━━━━━ Excerpted records

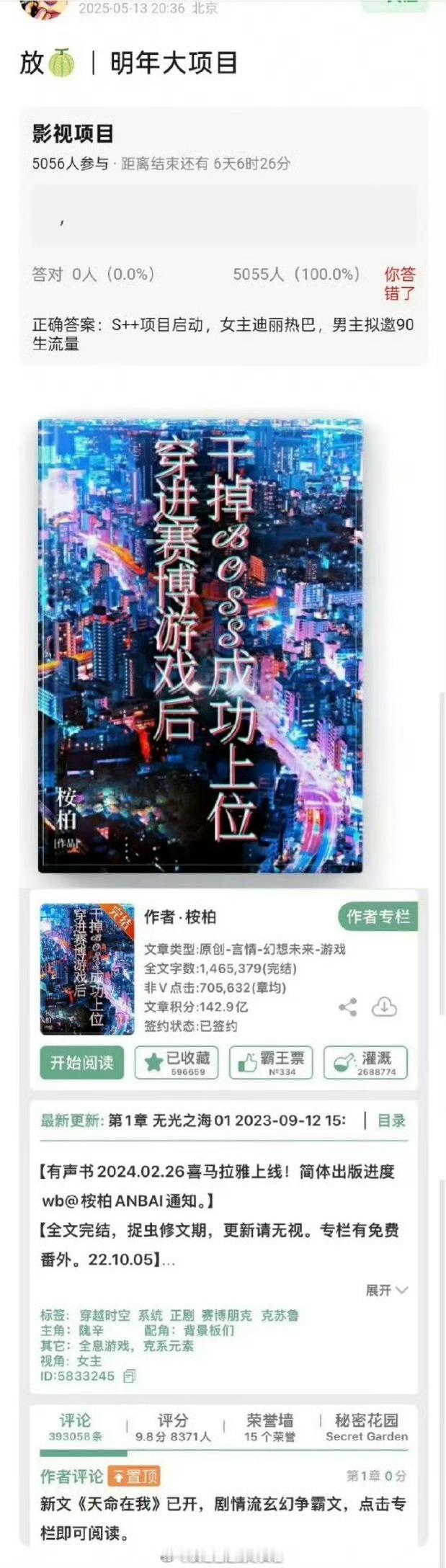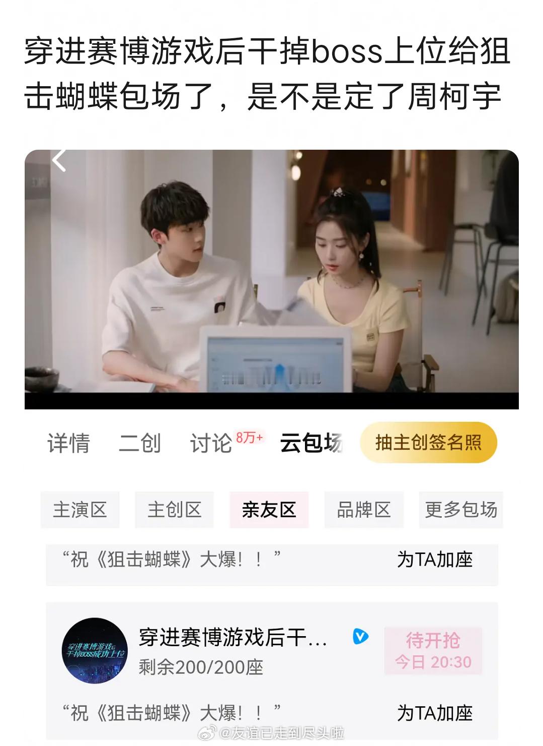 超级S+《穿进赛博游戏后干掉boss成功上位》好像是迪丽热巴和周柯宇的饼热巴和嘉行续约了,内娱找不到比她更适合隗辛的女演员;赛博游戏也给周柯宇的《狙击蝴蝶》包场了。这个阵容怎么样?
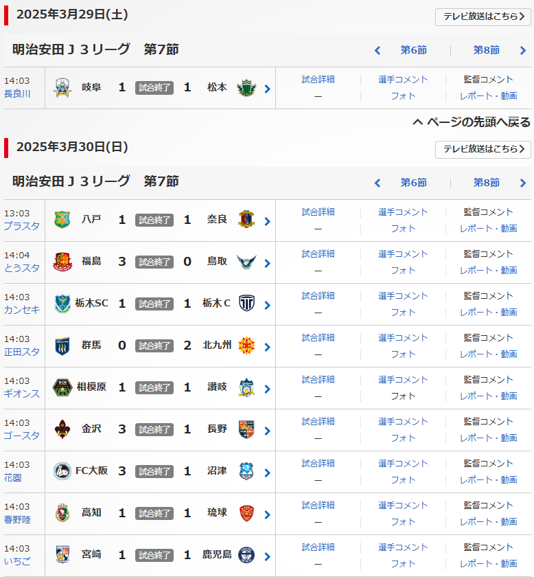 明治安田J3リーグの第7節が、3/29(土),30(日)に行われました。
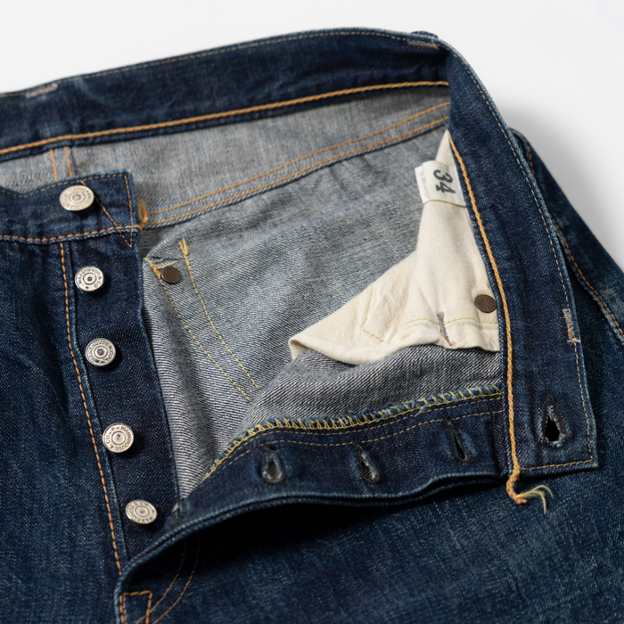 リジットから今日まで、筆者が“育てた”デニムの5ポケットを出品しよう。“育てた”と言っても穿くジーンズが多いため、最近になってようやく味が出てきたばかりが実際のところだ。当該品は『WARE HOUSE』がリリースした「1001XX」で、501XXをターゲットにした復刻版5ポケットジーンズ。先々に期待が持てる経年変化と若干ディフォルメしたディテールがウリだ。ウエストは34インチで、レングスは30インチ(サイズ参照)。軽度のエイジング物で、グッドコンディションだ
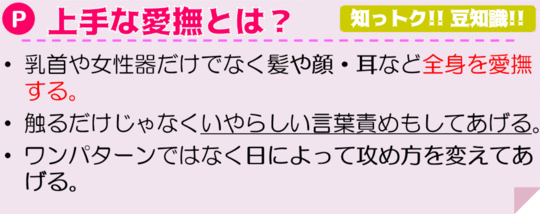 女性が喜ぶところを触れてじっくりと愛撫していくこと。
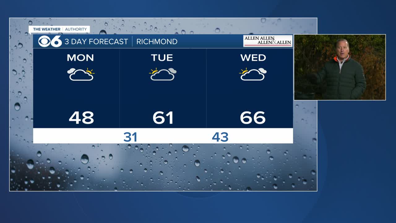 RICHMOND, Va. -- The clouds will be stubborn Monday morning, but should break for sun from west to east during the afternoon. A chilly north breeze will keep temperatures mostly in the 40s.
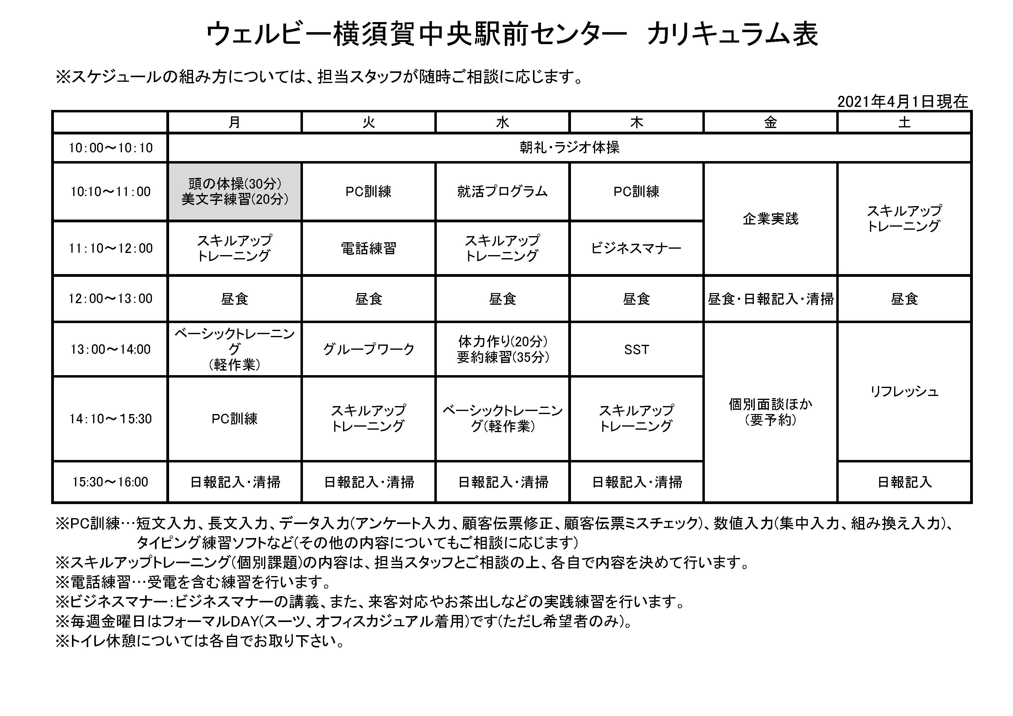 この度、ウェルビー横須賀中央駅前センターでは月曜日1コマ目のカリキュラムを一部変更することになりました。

━━━━━━━━━━

All of the entries must be reproduced exactly, with no pictures kept.

Your solution:
 超级S+《穿进赛博游戏后干掉boss成功上位》好像是迪丽热巴和周柯宇的饼热巴和嘉行续约了,内娱找不到比她更适合隗辛的女演员;赛博游戏也给周柯宇的《狙击蝴蝶》包场了。这个阵容怎么样?
 明治安田J3リーグの第7節が、3/29(土),30(日)に行われました。
 リジットから今日まで、筆者が“育てた”デニムの5ポケットを出品しよう。“育てた”と言っても穿くジーンズが多いため、最近になってようやく味が出てきたばかりが実際のところだ。当該品は『WARE HOUSE』がリリースした「1001XX」で、501XXをターゲットにした復刻版5ポケットジーンズ。先々に期待が持てる経年変化と若干ディフォルメしたディテールがウリだ。ウエストは34インチで、レングスは30インチ(サイズ参照)。軽度のエイジング物で、グッドコンディションだ
 女性が喜ぶところを触れてじっくりと愛撫していくこと。
 RICHMOND, Va. -- The clouds will be stubborn Monday morning, but should break for sun from west to east during the afternoon. A chilly north breeze will keep temperatures mostly in the 40s.
 この度、ウェルビー横須賀中央駅前センターでは月曜日1コマ目のカリキュラムを一部変更することになりました。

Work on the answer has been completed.